Additional variability parameters can include:
-
ndt_var: Also called
st0
. Typical range: [0, 0.2] s.
Simple Example
In this example, we are going to simulate data for 4 conditions with known parameters, and we will investigate how we can then model and recover these parameters.
Data
sim <- ddm_data(n = c(200, 200, 200, 200),
drift = c(-1, 0, 1, 2),
bs = 1,
bias = c(0.4, 0.5, 0.6, 0.7),
ndt = 0.2)
ddm_plot(sim)
- Condition 1: \(drift~\delta = -1,~bias~\beta = 0.4\)
- Condition 2: \(drift~\delta = 0,~bias~\beta = 0.5\)
- Condition 3: \(drift~\delta = 1,~bias~\beta = 0.6\)
- Condition 4: \(drift~\delta = 2,~bias~\beta = 0.7\)

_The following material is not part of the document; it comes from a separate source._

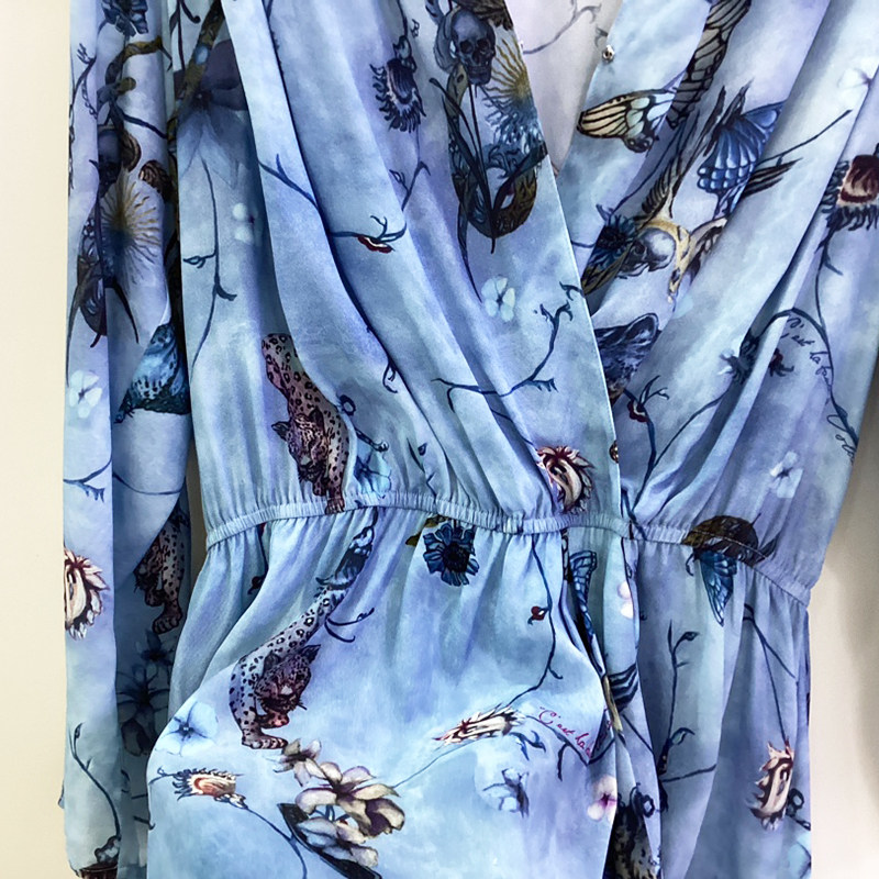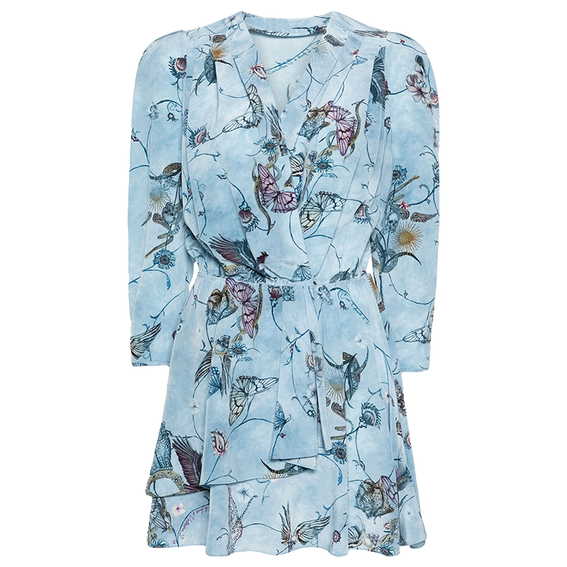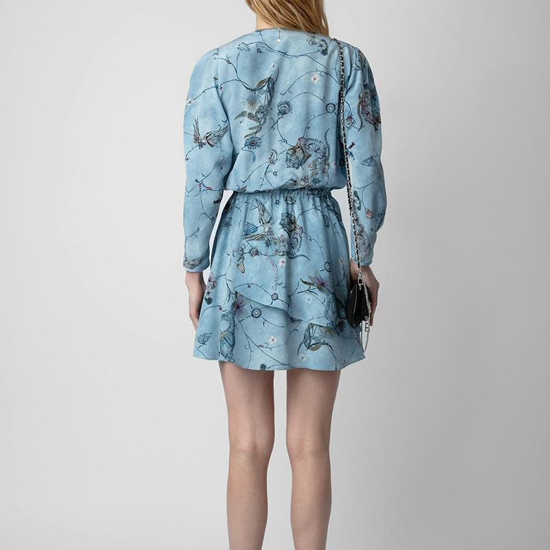 24春夏新款ZV蓝色真丝连衣裙女短款长袖V领花鸟图案唯美优雅法式

Boundary separation bs and ndt have been fixed to 1 and 0.15 for all conditions. Let’s visualize the raw data and the theoretical distribution it comes from.
df <- sim$data
head(df)
## rt response condition
## 1 0.3283990 lower 1
## 2 0.2857288 lower 1
## 3 0.4052673 lower 1
## 4 0.3514263 lower 1
## 5 0.4020190 lower 1
## 6 0.3850511 lower 1
FDDM
Unfortunately, fdmm
doesn’t seem to work and throws the
following error:
Error in nlminb(start = init, objective = objective, gradient = gradient, :
NA/NaN gradient evaluation
Formula
Let’s start with modelling only the drift rate.
formula <- bf(rt | dec(response) ~ 0 + condition)
family <- wiener(link_bs = "identity",
link_ndt = "identity",
link_bias = "identity")
@singmaann gives
this rationale for setting an identity
link:
Because the drift rate can take on any value (i.e., from -Inf to Inf), the default link function is “identity” (i.e., no transformation) which we retain. The other three parameters all have a restricted range. The boundary needs to be larger than 0, the non-decision time needs to be larger than 0 and smaller than the smallest RT, and the starting point needs to be between 0 and 1. The default link-functions respect these constraints and use “log” for the first two parameters and “logit” for the bias. This certainly is a possibility, but has a number of drawbacks leading me to use the “identity” link function for all parameters. First, when parameters are transformed, the priors need to be specified on the untransformed scale. Second, the individual-levels deviations (i.e., the random-effects estimates) are assumed to come from a multivariate normal distribution. Parameters transformations would entail that these individual-deviations are only normally distributed on the untransformed scale. Likewise, the correlations of parameter deviations across parameters would also be on the untransformed scale. Both make the interpretation of the random-effects difficult.
When specifying the parameters without transformation (i.e., link = “identity”) care must be taken that the priors places most mass on values inside the allowed range. Likewise, starting values need to be inside the allowed range. Using the identity link function also comes with drawbacks discussed at the end. However, as long as parameter outside the allowed range only occur rarely, such a model can converge successfully and it makes the interpretation easier.
Priors
- b: Our priors on the effect of conditions on the drift rate are centred around 0 and give enough probability mass to plausible values (the typical range for drift being [-5, 5]). A student distribution has fatter tails than a Gaussian one, dealing better with outliers (a Cauchy distribution would also be a good alternative).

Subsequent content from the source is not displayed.